SUPPLIED ENTRIES
■ ■ ■ ■

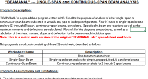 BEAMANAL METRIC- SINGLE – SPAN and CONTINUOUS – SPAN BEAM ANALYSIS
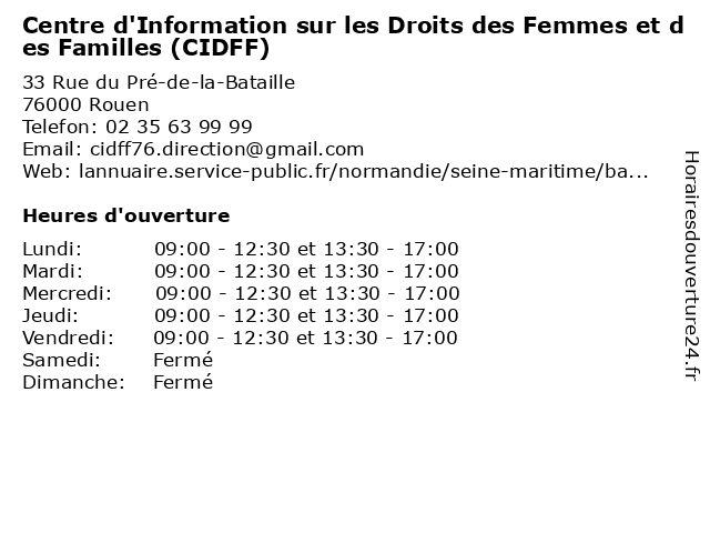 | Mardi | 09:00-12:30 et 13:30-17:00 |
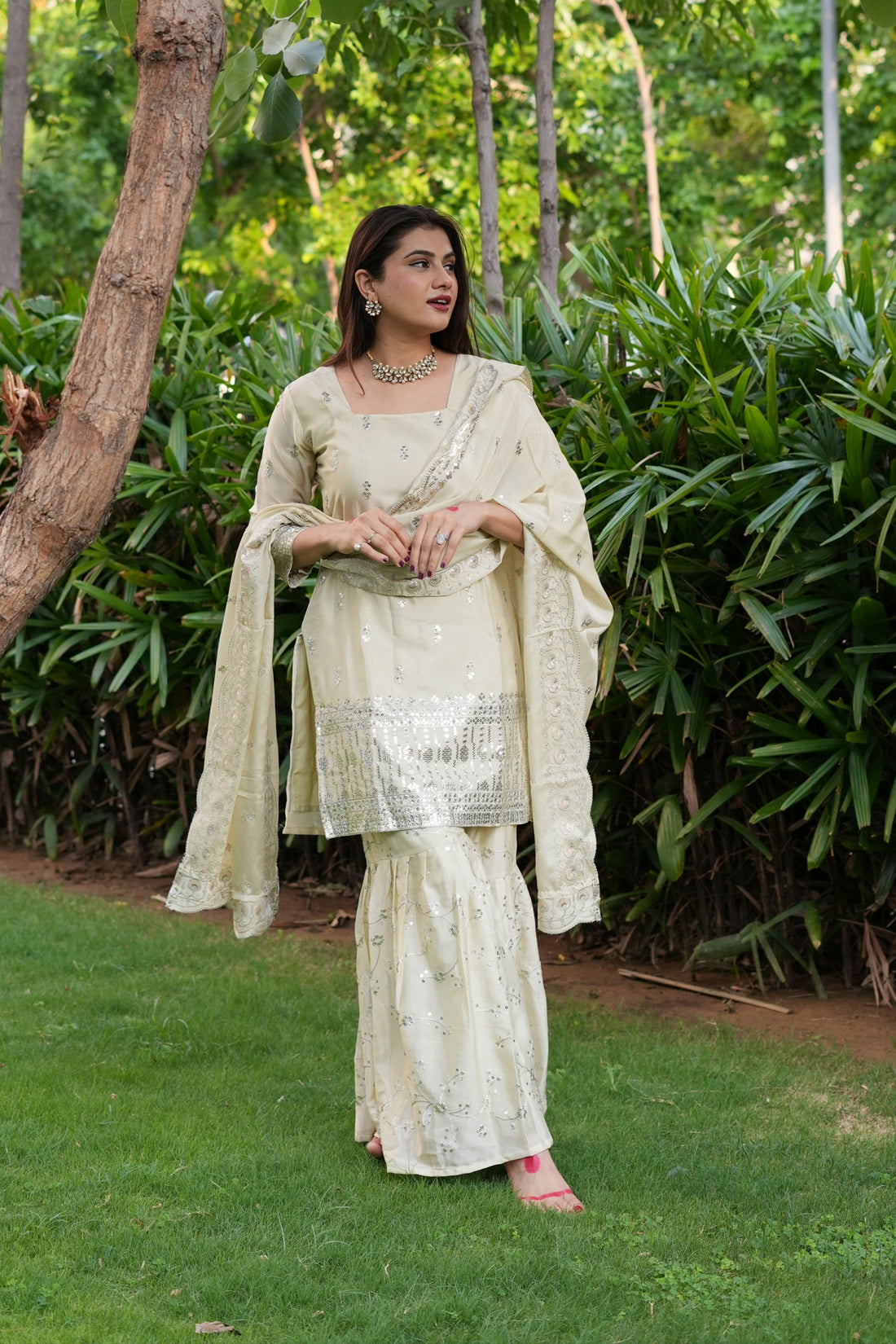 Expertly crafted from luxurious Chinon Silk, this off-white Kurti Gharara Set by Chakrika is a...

■ ■ ■ ■

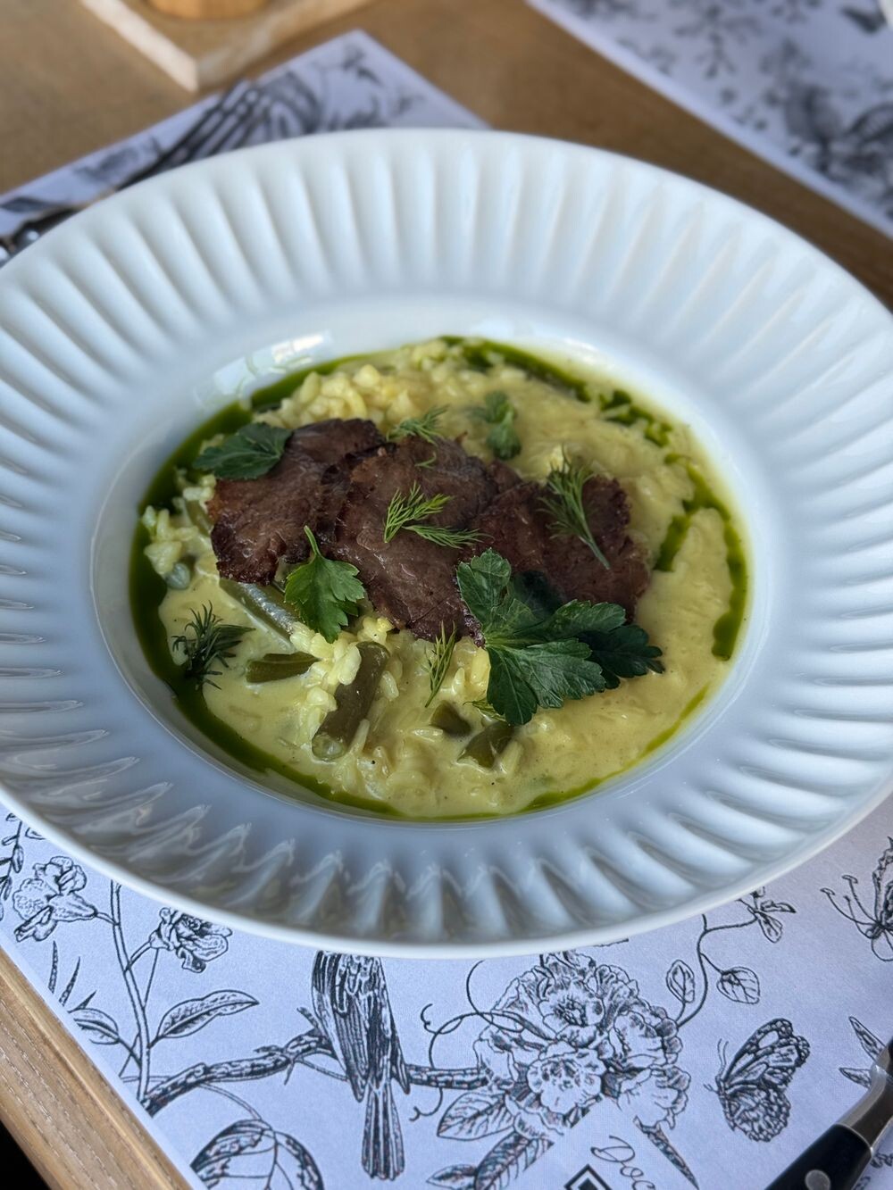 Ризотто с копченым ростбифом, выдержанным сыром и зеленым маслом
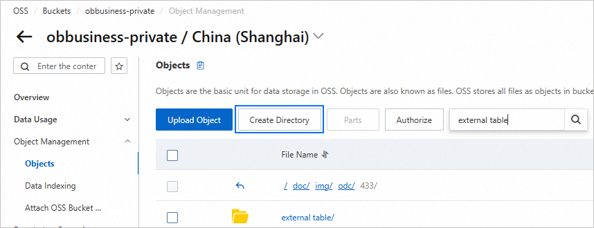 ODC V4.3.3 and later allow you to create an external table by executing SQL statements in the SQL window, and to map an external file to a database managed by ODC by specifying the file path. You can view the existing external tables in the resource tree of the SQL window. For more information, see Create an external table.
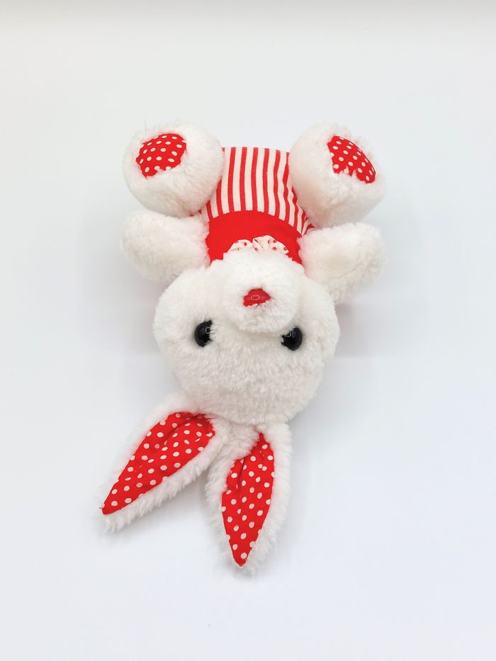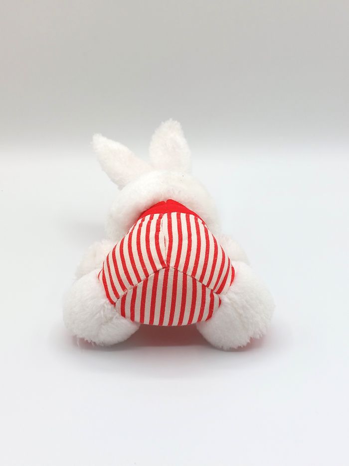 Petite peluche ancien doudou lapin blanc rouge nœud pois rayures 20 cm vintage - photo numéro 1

■ ■ ■ ■

ABOUT THIS EXERCISE
Here the job is to copy the stretch of records from the line containing "BEAMANAL METRIC- SINGLE" through the line containing "Expertly crafted from", word for word. Leave every picture out.

SOLUTION TO THE EXERCISE
 BEAMANAL METRIC- SINGLE – SPAN and CONTINUOUS – SPAN BEAM ANALYSIS
 | Mardi | 09:00-12:30 et 13:30-17:00 |
 Expertly crafted from luxurious Chinon Silk, this off-white Kurti Gharara Set by Chakrika is a...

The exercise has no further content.